The Importance of Families - Nicole Murphy

One thing that irritates me in a book is what I call the isolated character – that is, someone who’s living by themselves and with seemingly no other relationships. No family, no friends, no neighbours that they interact with. I’ve seen it a lot in romance, and science fiction and fantasy tends to be another place it crops up.
It seems to occur because it’s just easier to have a character take off into a story if they have no other ties and there’s so many things in writing that’s hard, it can be tempting to take the easy route. Less characters, less problems, more focus on the story at hand.

However, I think this robs the author of valuable resources for creating tension. I’m sure if you asked most people who creates the most problems in their lives, they’d come back with one answer – family.

Parents. Siblings. Cousins. Aunts and Uncles. These are special relationships, and with them comes a special happiness and a special pain. Happiness and pain that an enterprising author can use.

One of my favourite series at the moment is the Demon’s Lexicon, by Sarah Rees Brennan. She uses family very cleverly within the series, making it both the salvation and the destruction of the characters.

This is YA, and so at first you see how the family situation has formed the characters – how they view themselves and the world, their behaviours and relationships. Then you’ve got two strong sibling relationships, and you can see how a brother or sister can be both your greatest support and your worst enemy, because they know you so well.

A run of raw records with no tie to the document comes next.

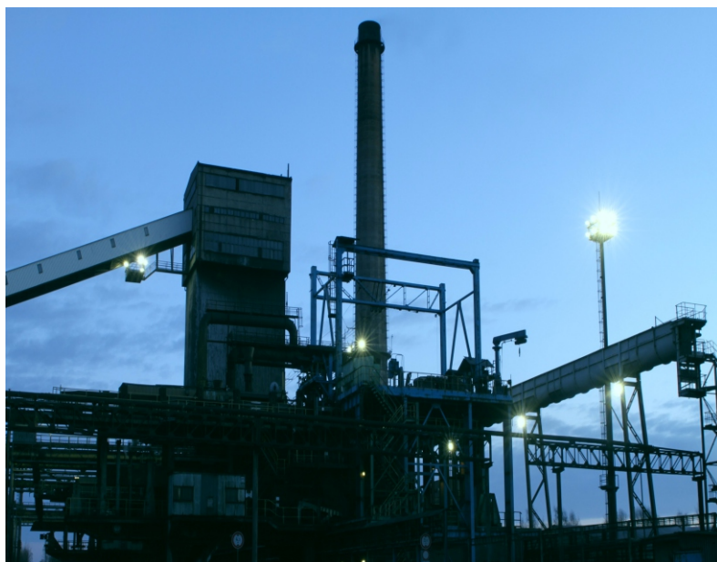
Svítidla se mění nejen v halách, ale u koksovny také na komunikacích.

„Investice nám navíc umožní uvolnit část omezených externích kapacit elektroenergetické distribuční sítě v Moravskoslezském kraji,“ uvedl vedoucí projektu Vladimír Machát.
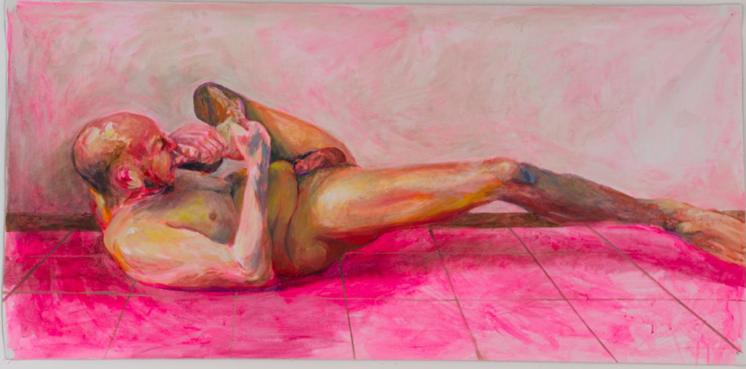
Under the Circumstances, 2024 Acrylic on canvas
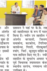
कोरबा। अनु विभाग और विकासखंड कोरबा के अंतर्गत आने वाले बरपाली (जिला) में उप तहसील को सुविधा युक्त हो गई है। प्रशासनिक विकेंद्रीकरण के अंतर्गत सरकार ने आरंभिक के कई गांव के लोगों को इसकी सुविधा उपलब्ध कराई है।
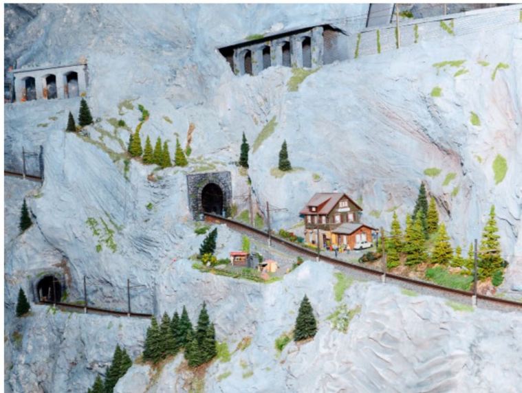
Meterspurbahnen, teilweise auch mit Zahnradstrecken, bilden einen Kontrast zu den Hauptstrecken.

Seit nunmehr 15 Jahren ist der MCH jetzt mit dem Bau der Grossanlage im Kirchmättli beschäftigt und hat gewaltige Leistungen vollbracht. Bis zum geplanten Vollbetrieb und der optischen Fertigstellung des Werkes ist noch die eine oder andere Parforce-Leistung erforderlich. Wir sind gespannt, wie das Ganze in wenigen Jahren aussehen wird, zuversichtlich darf man sicher sein.
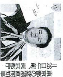
東京部の猪瀬直樹知事 赤羽 2013.11.25

●都知事は、7億円の都の補助金を受けている医療法人グループから副知事時代に資金提供を受けた。個人的に借りた金と言いは通じません。
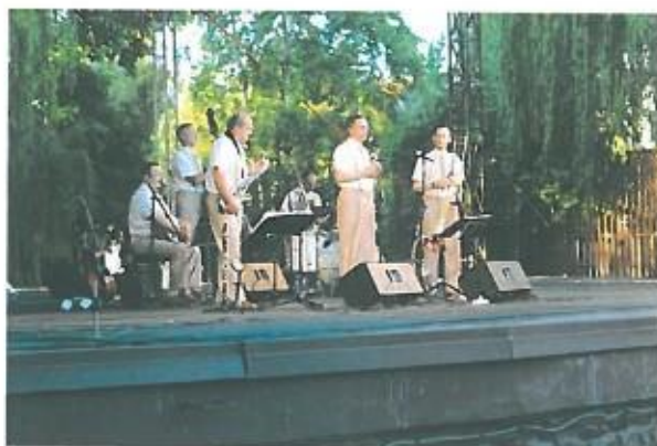
HOT JAZZ BAND zenekar
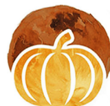
Tháng 10 Trăng Thu Hoạch
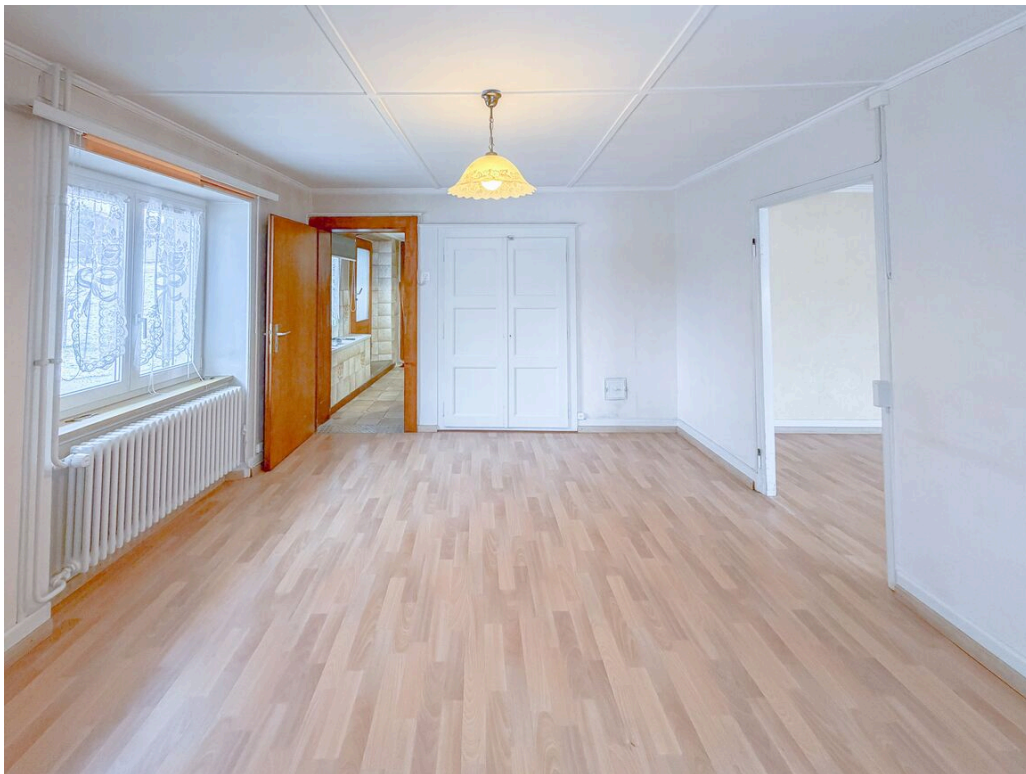
Chambre no 1 Sud-Ouest
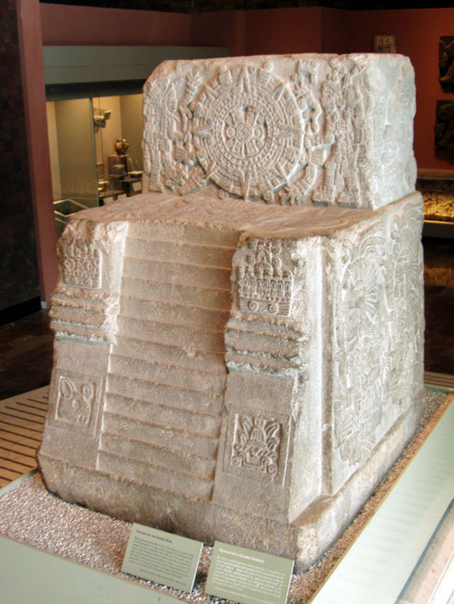
Figura 7. Piedra del Templo.

There are developed families – situations like the magicians’ circles, which become the support network for each other when their blood families reject them.

Families are drawn together and cracked apart. For me it’s one of the most compelling things about these books – watching these relationships get tested and seeing if the years of shared history and love can survive.

In my own Dream of Asarlai trilogy, I’ve found myself having a lot of fun with families. A brother and sister can fight in a way few other relationships manage. Sons and daughters can believe their parents point of view fully and then when they reach adulthood and see the situation for themselves, have everything destroyed. Family can be the only place you can find sanctuary from the rest of the world.

The holiday period tends to be a time we spend with our real-world families. Let’s hope more authors realise the importance of fictional families and let all the laughter and anger come to the fore.